The ratio between the most frequent and less frequent is:

max(tRNA_freq) / min(tRNA_freq);

32.2856

## Autocorrelation of codons, tRNA or amino acids

Why is autocorrelation relevant? Autocorrelation measures the reuse of a particular codon/tRNA as contrasted with its use. E.g. a codon may be very rare, that is it appears with low frequency, but it could be highly autocorrelated, i.e. it is very likely to appears in tandems. In terms of reloading tRNA molecules or simply having the tRNA available, autocorrelation of codons/tRNA will give us an indication of whether this is a relevant process for the regulation of protein synthesis.

Besides their biased frequencies, codons, tRNA and amino acids show signs of autocorrelation. Autocorrelation is a departure of the expected frequency when we know the previous symbol. In other words, the frequencies of pairs are not the same as the product of the individual frequencies. It is of particular interest to study the autocorrelation of the codons coding for one particular amino acid or the tRNAs coding for one particular amino acid. Notice that within the codons or tRNA coding for a particular amino acid, there can be no natural selection pressures as the proteins produced are the same.

We will now compute the codon autocorrelation for serine. Serine is coded by the following codons and tRNA:

tRNAtable[ AToInt(S) ];

[[TCT, TCC], [TCA], [TCG], [AGT, AGC], Ser]

For this autocorrelation we will take one protein (database entry) at a time. We will not correlate amino acids between different proteins (last of one with first of the next one), as we have no information about the order of the proteins within the yeast genome (there are also other good reasons for not doing this). It is simpler to do it for all amino acids in one pass, we just keep an array of 20 entries with the information of the previous codon used by each protein.
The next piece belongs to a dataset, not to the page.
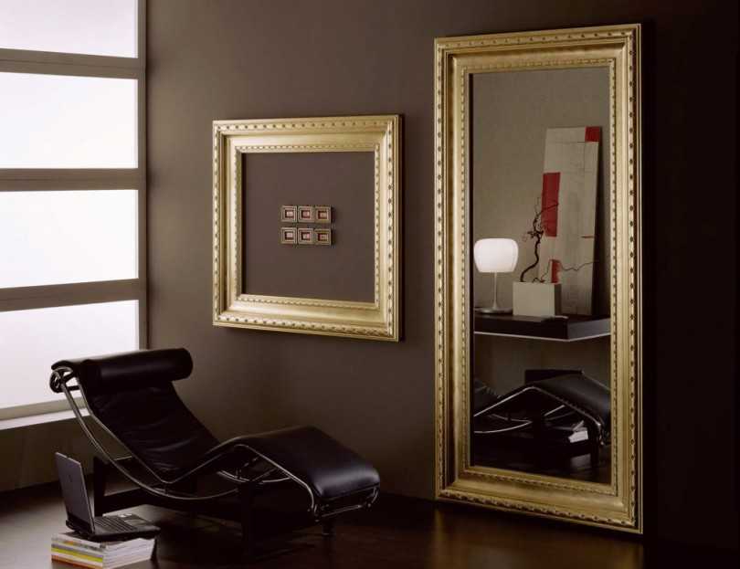- беспроигрышным вариантом будет использование зеркальных рам, которые идеально сочетаются со всей стилистикой интерьерного решения помещения.
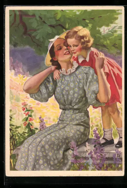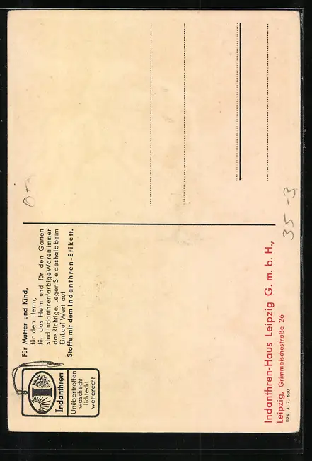 AK Reklame für Indanthren-Stoffe, Mutter in blauem Kleid umarmt ihr Töchterchen in rotem Hängerchen

Notice that we should skip any stop codon that we encounter which are coded as amino acid number 22.

Cod_Cod := CreateArray(1..64,1..64): for e in Entries(DB) do tD := SearchTag(DNA,e); prev := CreateArray(1..20); for i by 3 to length(tD) do j := CodonToCInt( tD[i..i+2] ); k := CIntToInt(j); if k = 22 then next elif prev[k] > 0 then Cod_Cod[prev[k],j] := Cod_Cod[prev[k],j]+1 fi; prev[k] := j; od od:

Now we print the portion of the matrix corresponding to serine.
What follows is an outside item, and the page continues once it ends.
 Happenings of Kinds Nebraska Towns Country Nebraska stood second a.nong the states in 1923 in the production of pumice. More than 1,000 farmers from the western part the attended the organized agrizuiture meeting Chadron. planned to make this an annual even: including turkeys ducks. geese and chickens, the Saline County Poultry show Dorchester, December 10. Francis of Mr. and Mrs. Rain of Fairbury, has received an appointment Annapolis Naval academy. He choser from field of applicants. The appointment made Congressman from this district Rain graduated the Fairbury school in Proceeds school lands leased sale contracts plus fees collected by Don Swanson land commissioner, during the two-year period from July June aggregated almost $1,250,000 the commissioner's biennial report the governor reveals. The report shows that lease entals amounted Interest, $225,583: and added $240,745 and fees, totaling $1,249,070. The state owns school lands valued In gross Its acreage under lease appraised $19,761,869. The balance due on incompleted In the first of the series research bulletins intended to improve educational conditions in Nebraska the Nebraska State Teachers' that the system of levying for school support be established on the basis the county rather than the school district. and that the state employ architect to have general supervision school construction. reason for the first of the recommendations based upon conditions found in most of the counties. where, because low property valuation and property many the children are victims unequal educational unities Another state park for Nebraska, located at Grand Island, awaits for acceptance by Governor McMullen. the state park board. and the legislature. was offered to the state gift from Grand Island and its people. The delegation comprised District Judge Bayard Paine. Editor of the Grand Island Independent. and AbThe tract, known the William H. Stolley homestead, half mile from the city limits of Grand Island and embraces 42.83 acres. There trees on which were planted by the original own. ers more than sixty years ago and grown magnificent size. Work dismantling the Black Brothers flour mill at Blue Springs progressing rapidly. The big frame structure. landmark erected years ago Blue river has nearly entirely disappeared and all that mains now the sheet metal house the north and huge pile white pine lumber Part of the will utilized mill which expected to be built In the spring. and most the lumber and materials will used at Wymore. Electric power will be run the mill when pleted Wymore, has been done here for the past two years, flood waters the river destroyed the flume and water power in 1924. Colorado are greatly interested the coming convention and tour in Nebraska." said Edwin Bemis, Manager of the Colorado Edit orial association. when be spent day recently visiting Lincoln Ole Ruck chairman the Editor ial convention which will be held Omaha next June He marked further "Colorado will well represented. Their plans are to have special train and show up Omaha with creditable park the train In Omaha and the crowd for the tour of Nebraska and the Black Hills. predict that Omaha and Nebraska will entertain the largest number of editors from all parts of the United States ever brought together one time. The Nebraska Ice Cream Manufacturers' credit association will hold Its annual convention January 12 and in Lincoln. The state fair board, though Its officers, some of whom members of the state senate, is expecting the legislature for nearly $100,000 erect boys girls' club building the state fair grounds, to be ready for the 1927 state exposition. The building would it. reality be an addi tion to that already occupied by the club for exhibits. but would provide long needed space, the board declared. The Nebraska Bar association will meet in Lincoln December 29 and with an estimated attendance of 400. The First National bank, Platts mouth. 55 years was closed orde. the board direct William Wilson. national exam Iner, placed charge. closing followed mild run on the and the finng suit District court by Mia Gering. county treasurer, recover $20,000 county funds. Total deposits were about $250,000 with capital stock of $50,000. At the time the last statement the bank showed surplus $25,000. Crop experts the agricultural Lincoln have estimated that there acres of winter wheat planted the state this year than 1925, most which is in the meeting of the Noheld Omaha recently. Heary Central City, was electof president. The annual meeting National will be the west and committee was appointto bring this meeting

for i to 64 do if CIntToA(i)='S' then printf( '%s ', CIntToCodon(i) ); for j to 64 do if CIntToA(j)='S' then printf( '%6d', Cod_Cod[i,j] ) fi od; printf( '\n' ) fi od;

AGC 4001 5260 5487 4035 2757 6888 AGT 5282 7553 8544 6008 3883 9957 TCA 5755 8704 12409 8231 5468 13571 TCC 4171 6136 8097 6856 3874 11057 TCG 2923 3909 5396 3976 2765 6132 TCT 6476 9771 14028 11131 6260 19044

From the counts alone it is difficult to see the
autocorrelation.
The different codons have different frequencies.
To see the autocorrelation we will subtract the expected values
of the counts and divide by the standard deviation.
This is what is called a z-transform, and it has the advantage
of revealing how far from expected our results are.
In `Np` we will store the total number of pairs of codons.
The probability of a pair appearing is the product of the
individual probabilities, divided by the probability of having
a serine (this is because the pairs are counted exclusively
among the serines).
After a simple cancellation we obtain the formula below.
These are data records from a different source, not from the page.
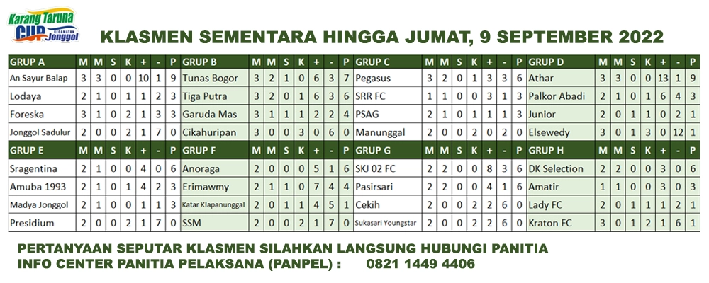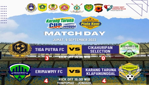 Memasuki hari ke-19 babak penyisihan grup, Tournament Sepakbola Akbar di Bogor Timur yang diselenggarakan oleh Karang Taruna Kecamatan Jonggol dengan nama Open Tournament Karang Taruna Kecamatan Jonggol Cup 2022, memperebutkan Piala KONI Kabupaten Bogor, kembali di hadirkan di Lapangan Sepakbola Puspomad Anoraga milik Yonpomad Jonggol, Jumat, 9 September 2022.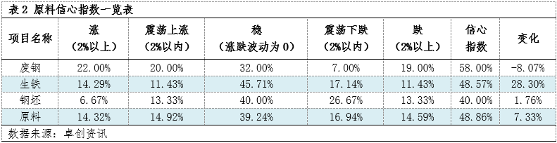 分品种来看,废钢信心指数为58,较上期降8.07;生铁信心指数为48.57,较上期增28.30;钢坯信心指数为40,较上期增1.76。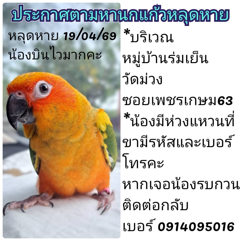 มีแหวนสีขมพูที่ขา มีรหัสและเบอร์ติดต่อ นิสัยติดเจ้าของ ชอบโยกหัว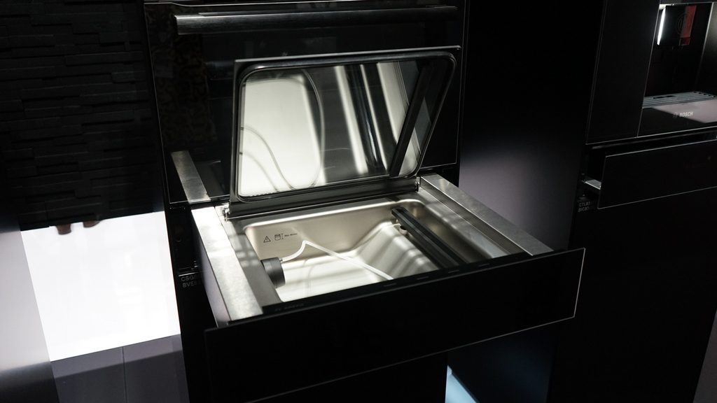 Мировая премьера 2018 года — встраиваемая техника BOSCH accent|line. Выполненные в черном цвете, с глянцевыми элементами и с фрагментами из черненной нержавеющей стали, приборы из новой коллекции выглядят дорого и стильно. Их, кстати, в серию accent|line входит много: от многофункциональных духовых шкафов, до встраиваемых кофемашин, вакууматоров, варочных поверхностей, вытяжек и другой полезной кухонной техники. Пока вопрос о появлении коллекции в российских магазинах в стадии обсуждения.

Np := sum(sum(Cod_Cod)); for i to 64 do if CIntToA(i)='S' then printf( '%s ', CIntToCodon(i) ); for j to 64 do if CIntToA(j)='S' then pr := Codons[i]/DB[TotAA] * Codons[j]/Size(S); std := sqrt( Np*pr*(1-pr) ); printf( '%7.2f', ( Cod_Cod[i,j] - Np*pr ) / std ) fi od; printf( '\n' ) fi od;

Np := 2780865 AGC 15.33 10.69 -5.73 -5.68 0.19 -4.97 AGT 11.02 12.26 -0.23 -4.61 -1.37 -5.95 TCA -2.24 1.50 11.62 -1.01 3.98 -1.92 TCC -3.63 -3.00 -2.48 8.41 0.27 7.79 TCG 3.36 -0.96 2.98 1.92 7.42 -3.27 TCT -9.80 -7.76 1.98 8.53 -1.67 15.56

We can see that there are obvious signs of autocorrelation, the diagonal values are all positive and almost always the largest for their columns/rows. There are also signs of tRNA autocorrelation. If we observe that codons AGC,AGT are translated by the same tRNA and ditto for codons TCC,TCT we see autocorrelation also at the tRNA level.

The above analysis of autocorrelation suffers from a bias that may be induced by different base frequencies in different parts of the genome. It is known that some parts of the genome are GC rich while other parts are GC poor. Such long-streched biases induce an autocorrelation in the codons, which could be significant.

So we would like to measure the autocorrelation in a way that is independent of the base composition. Furthermore it would be nice to be able to "add" together the autocorrelations of different amino acids. To meet these goals we have defined the TPI (tRNA Pairing Index).

## tRNA Pairing Index for a given amino acid

The TPI is an index which is computed for each protein and measures how autocorrelated (positively or negatively) are its codons. Is is completely independent of the frequencies of the amino acids, tRNA or codons, so it will not suffer from any of the common sources of bias.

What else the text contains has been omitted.